Any way, I want to refinish my main door but it has a real thick layer of sanding sealer, what is the best way to strip it down? With out damaging the door. Its a solid oak door with a couple of MDF veneered panels.


----------



## ChiknNutz (Apr 22, 2011)

...and sanding sealer is different still from grain filler? Sounds like it might perform a similar function.


----------



## Steve Neul (Sep 2, 2011)

ChiknNutz said:


> ...and sanding sealer is different still from grain filler? Sounds like it might perform a similar function.


If you would look at woods like oak, walnut and mahogany microscopically they have voids and crevasses in the grain. Grain filler works kind of like drywall mud that spackles the voids in the grain. Sanding sealer is just a clear coating which is formulated to be easy to sand like primers. You can fill the grain voids with sanding sealer, sanding between coats but it might take a half dozen or more coats to do the job. It would just take a lot more expense and labor to fill the grain with sealers and sealers are made soft so you don't really want to build a thickness of sealer under your topcoat. Since you are familiar with painting cars, it would be like accumulating six coats of primer on a car and then topcoating it. The finish just wouldn't wear as well.


----------



## woodnthings (Jan 24, 2009)

*NC sanding sealer description PDF*

http://www.maspaints.com/technical_datas/nitrocellulose/nc_sealer_018.pdf

High Build Primer
http://pacificsouthwest.net/assets/docs/TDS_DTM_1300SeriesHighBuildPrimer.pdf

http://www.diychatroom.com/f4/sherwin-williams-high-build-primer-questions-101144/


----------



## ChiknNutz (Apr 22, 2011)

I used some grain filler on the oak kitchen island I am building. Not having used either before, it almost sounded like they might overlap a bit in use.


----------



## cabinetman (Jul 5, 2007)

While they may be helpful, I could post some links for you, but that you could do for yourself. It wouldn't give you the perspective of the differences. It would be like saying, a Porsche Turbo and a Volkswagon Golf are both German cars and have motors and four wheels, they are similar. Reading the specifications of both, you would have to be familiar with the technical data to understand how the two cars are different. 

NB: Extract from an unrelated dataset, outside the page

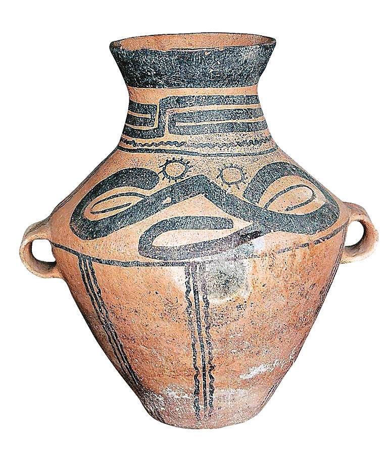 姬家(jia)川類型雙勾太陽(yang)紋(wen)彩陶罐

You would have to sift through their engine, drivetrain, and suspension details, along with test results of driving dynamics, and performance, along with their ergonomics. Explaining the differences can be more graphic and understood by someone that has had or driven both vehicles.

The differences between a sealer and a grain filler is indicative of their names. A sealer is intended to do just that. A grain filler can do that to an extent, but is more appropriate for filling up the holes of the pores, and leveling out the variations and deviations in the grain.

A sealer can be a media like a film finish topcoat, with or without additives, thinned or not, applied to the wood. It's intended to limit or control the absorption properties of the wood.

A grain filler (AKA paste wood filler), is usually a much thicker viscosity...used with the consistency of mayonnaise (more or less). It's a fill/leveler. Using it can limit how much sealer and topcoat may be needed. It can produce a different feel to the wood surface, as would a sealer, but a sealer would require many applications. 









 







.


----------



## Rashed (Oct 15, 2012)

Guys please,no body did answer me yet, whats the best way to strip the sealer off? Sanding it or paint stripper?


----------